Tuesday, 10 March 2009

Saint Patrick day

Saint Patrick's Day (Irish: Lá ’le Pádraig or Lá Fhéile Pádraig), colloquially St. Paddy's Day or Paddy's Day, is an annual feast day which celebrates Saint Patrick (circa 385–461 AD), one of the patron saints of Ireland, and is generally celebrated on March 17.

The day is the national holiday of Ireland. It is a bank holiday in Northern Ireland and a public holiday in the Republic of Ireland and Montserrat. In Canada, Great Britain, Australia, the United States and New Zealand, it is widely celebrated but is not an official holiday. [1]

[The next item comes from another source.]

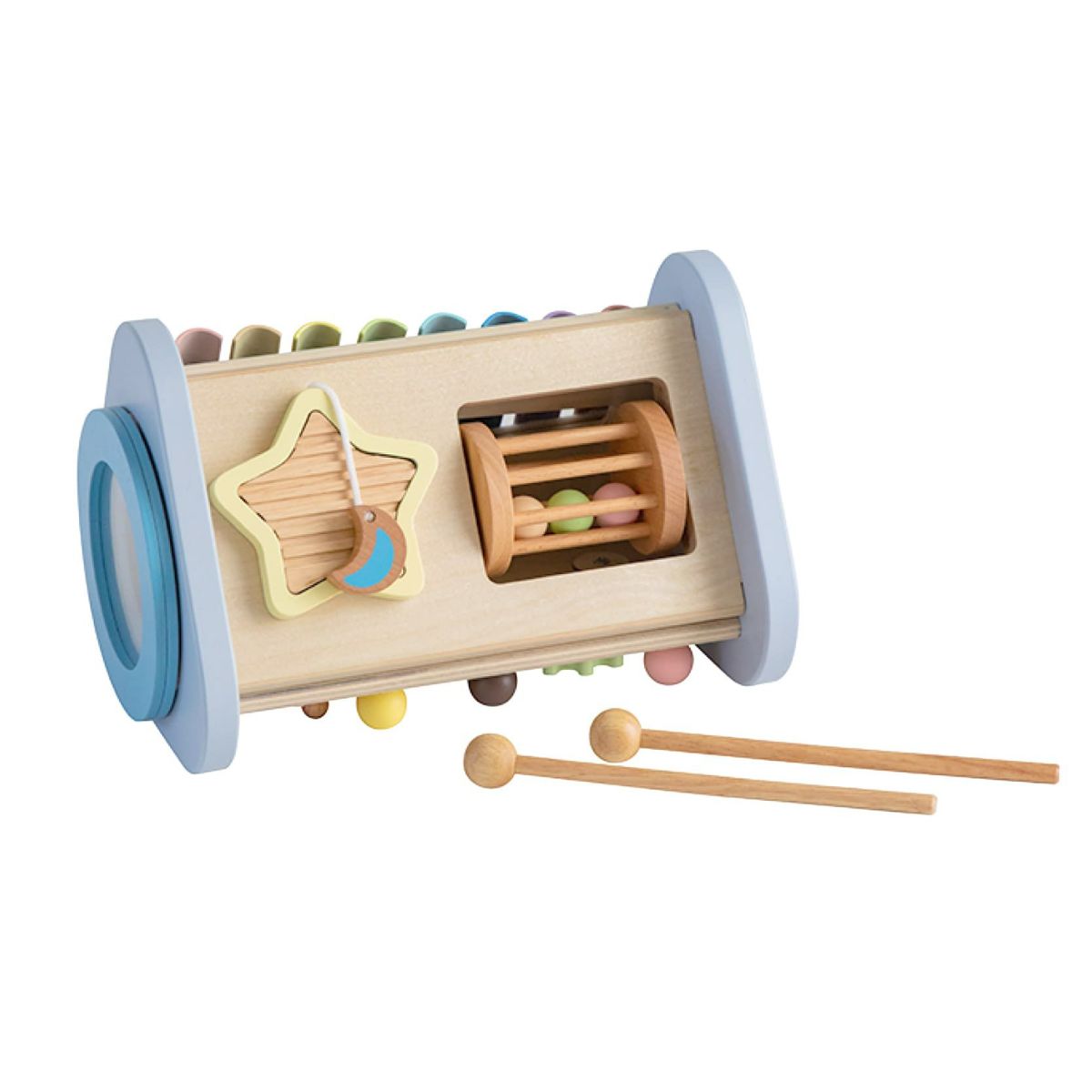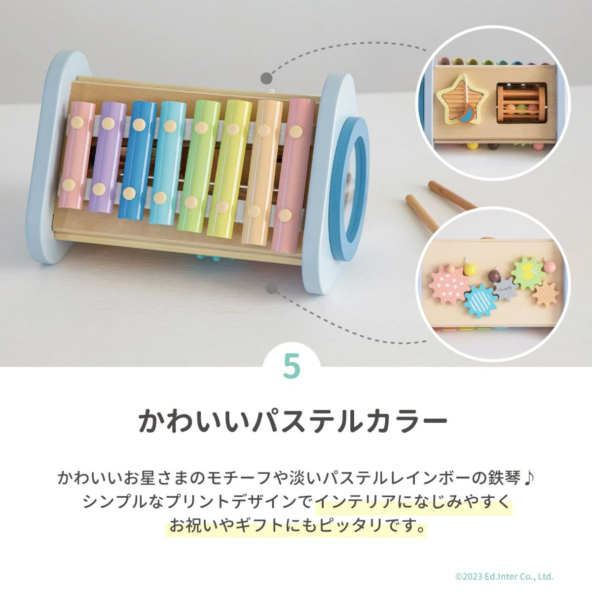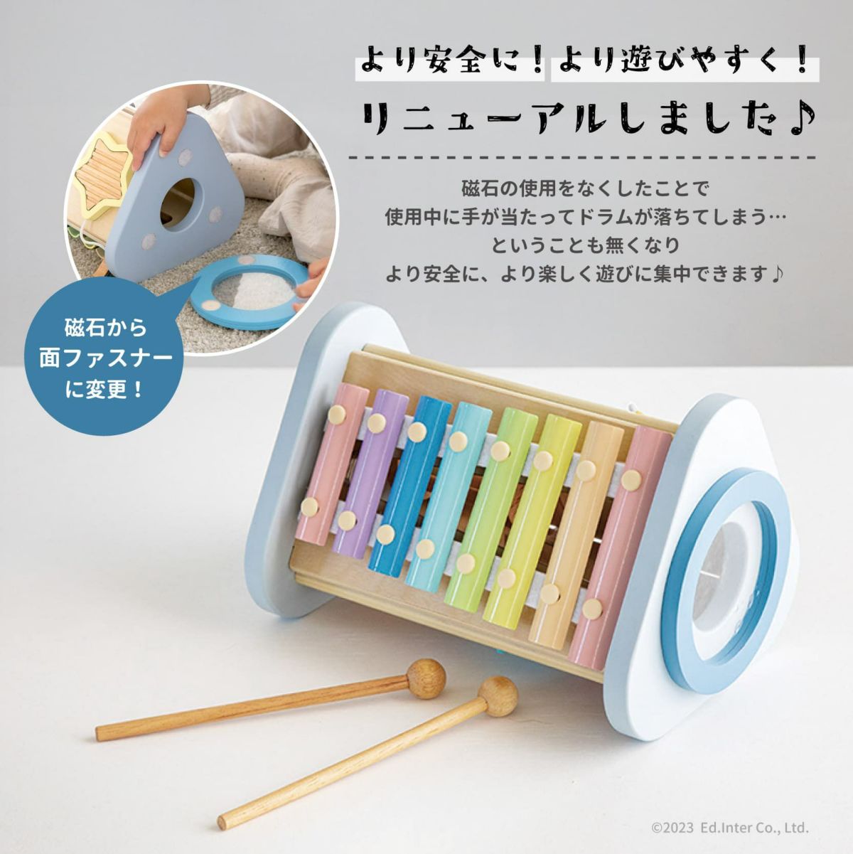 たたく・ふる・転がす。音が鳴るたび、笑顔が生まれる。音楽やリズムに自然と親しみながら、手先や体の動きも育てる知育おもちゃです。音とふれあう体験は、豊かな感性と身体の土台づくりにつながります。

It became a feast day in the Roman Catholic Church due to the influence of the Waterford-born Franciscan scholar Luke Wadding[2] in the early part of the 17th century, and is a holy day of obligation for Roman Catholics in Ireland. The feast day usually falls during Lent; if it falls on a Friday of Lent (unless it is Good Friday), the obligation to abstain from eating meat can be lifted by the local bishop. The date of the feast is occasionally, yet controversially, moved by church authorities when March 17 falls during Holy Week; this happened in 1940 when Saint Patrick's Day was observed on April 3 in order to avoid it coinciding with Palm Sunday, and happened again in 2008, having been observed on 15 March.